Quantile-specific h2 (±SE) increased with increasing percentiles of the offspring's age- and sex-adjusted fibrinogen distribution when estimated from βOP (Ptrend = 5.5x10-6): 0.30±0.05 at the 10th, 0.37±0.04 at the 25th, 0.48±0.05 at the 50th, 0.61±0.06 at the 75th, and 0.65±0.08 at the 90th percentile, and when estimated from βFS (Ptrend = 0.008): 0.28±0.04 at the 10th, 0.31±0.04 at the 25th, 0.36±0.03 at the 50th, 0.41±0.05 at the 75th, and 0.50±0.06 at the 90th percentile. The larger genetic effect at higher average fibrinogen concentrations may contribute to fibrinogen's greater heritability in women than men and in Blacks than Whites, and greater increase from smoking and air pollution for the FGB -455G>A A-allele. It may also explain greater fibrinogen differences between: 1) FGB -455G>A genotypes during acute phase reactions than usual conditions, 2) GTSM1 and IL-6 -572C>G genotypes in smokers than nonsmokers, 3) FGB -148C>T genotypes in untreated than treated diabetics, and LPL PvuII genotypes in macroalbuminuric than normoalbuminuric patients.
Fibrinogen heritability is quantile specific, which may explain or contribute to its gene-environment interactions. The analyses do not disprove the traditional gene-environment interpretations of these examples, rather quantile-dependent expressivity provides an alternative explanation that warrants consideration.

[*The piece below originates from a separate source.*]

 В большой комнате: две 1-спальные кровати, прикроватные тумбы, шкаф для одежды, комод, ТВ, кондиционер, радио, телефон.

纤维蛋白原是一种中等遗传的血液蛋白,其遗传效应因性别、种族、吸烟状况、污染暴露和疾病状态而异。这些相互作用部分可以用“分位数依赖表达性”来解释,即遗传变异的效应大小取决于表型(例如血浆纤维蛋白原浓度)相对于其分布是高还是低。
确定纤维蛋白原遗传度(h2)是否具有分位数特异性,以及分位数特异性 h2 是否可以解释纤维蛋白原的基因-环境相互作用。
分析了来自弗雷明汉心脏研究的 5689 对父母-子女和 1932 对全同胞的血浆纤维蛋白原浓度。通过分位数回归,使用非参数显著性从 1000 个自举样本中分配,稳健地估计了来自父母-子女(βOP,h2=2βOP/(1+rspouse))和全同胞回归斜率(βFS,h2=(1+8rspouseβFS)0.05-1/(2rspouse))的分位数特异性遗传度。

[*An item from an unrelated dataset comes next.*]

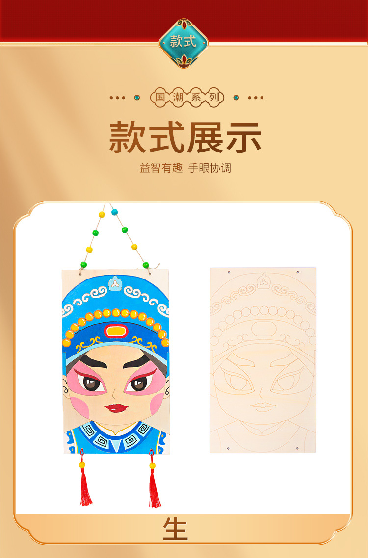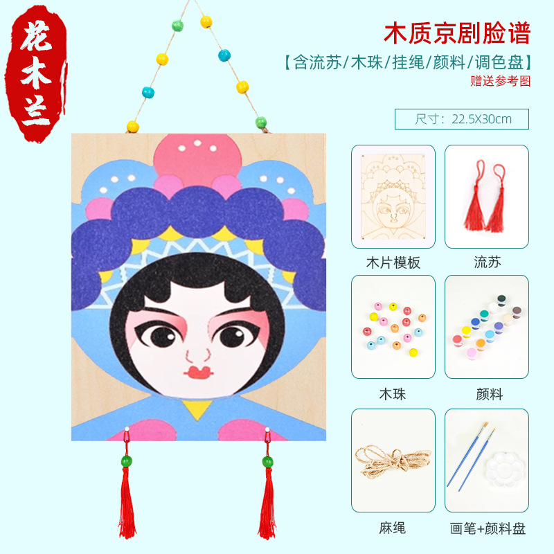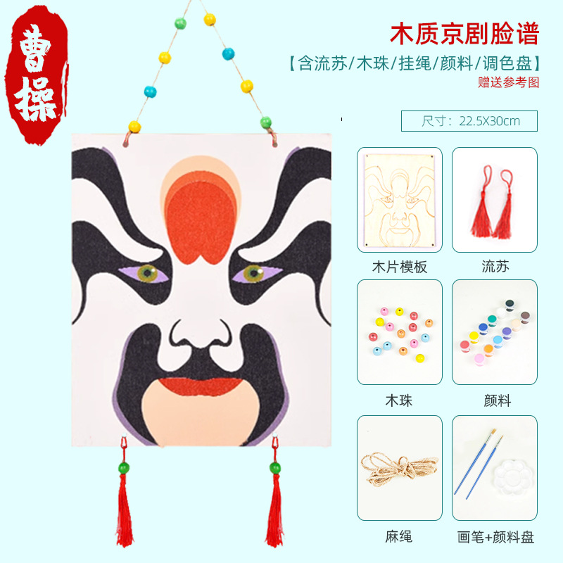 베이징 오페라 마스크 DIY 손으로 그린 그림 나무 제품 교수형 장식품 유치원 교실 중국 스타일 크리에이티브

当从βOP 估计时,分位数特异性 h2(±SE)随着子女年龄和性别调整后的纤维蛋白原分布的百分位数增加而增加(Ptrend=5.5x10-6):第 10 百分位为 0.30±0.05,第 25 百分位为 0.37±0.04,第 50 百分位为 0.48±0.05,第 75 百分位为 0.61±0.06,第 90 百分位为 0.65±0.08;当从βFS 估计时,分位数特异性 h2(Ptrend=0.008):第 10 百分位为 0.28±0.04,第 25 百分位为 0.31±0.04,第 50 百分位为 0.36±0.03,第 75 百分位为 0.41±0.05,第 90 百分位为 0.50±0.06。在较高的平均纤维蛋白原浓度下更大的遗传效应可能导致纤维蛋白原在女性中的遗传度高于男性,在黑人中的遗传度高于白人,并且在 FGB-455G>A A-等位基因中从吸烟和空气污染的影响更大。它还可能解释以下方面的纤维蛋白原差异更大:1)在急性反应期与通常条件相比,FGB-455G>A 基因型之间的差异,2)在吸烟者与非吸烟者相比,GTSM1 和 IL-6-572C>G 基因型之间的差异,3)在未经治疗的糖尿病患者与接受治疗的糖尿病患者相比,FGB-148C>T 基因型之间的差异,以及在大量白蛋白尿患者与正常白蛋白尿患者相比,LPL PvuII 基因型之间的差异。
纤维蛋白原遗传度具有分位数特异性,这可能解释或有助于其基因-环境相互作用。这些例子的传统基因-环境解释并没有被否定,而是分位数依赖表达性提供了一个值得考虑的替代解释。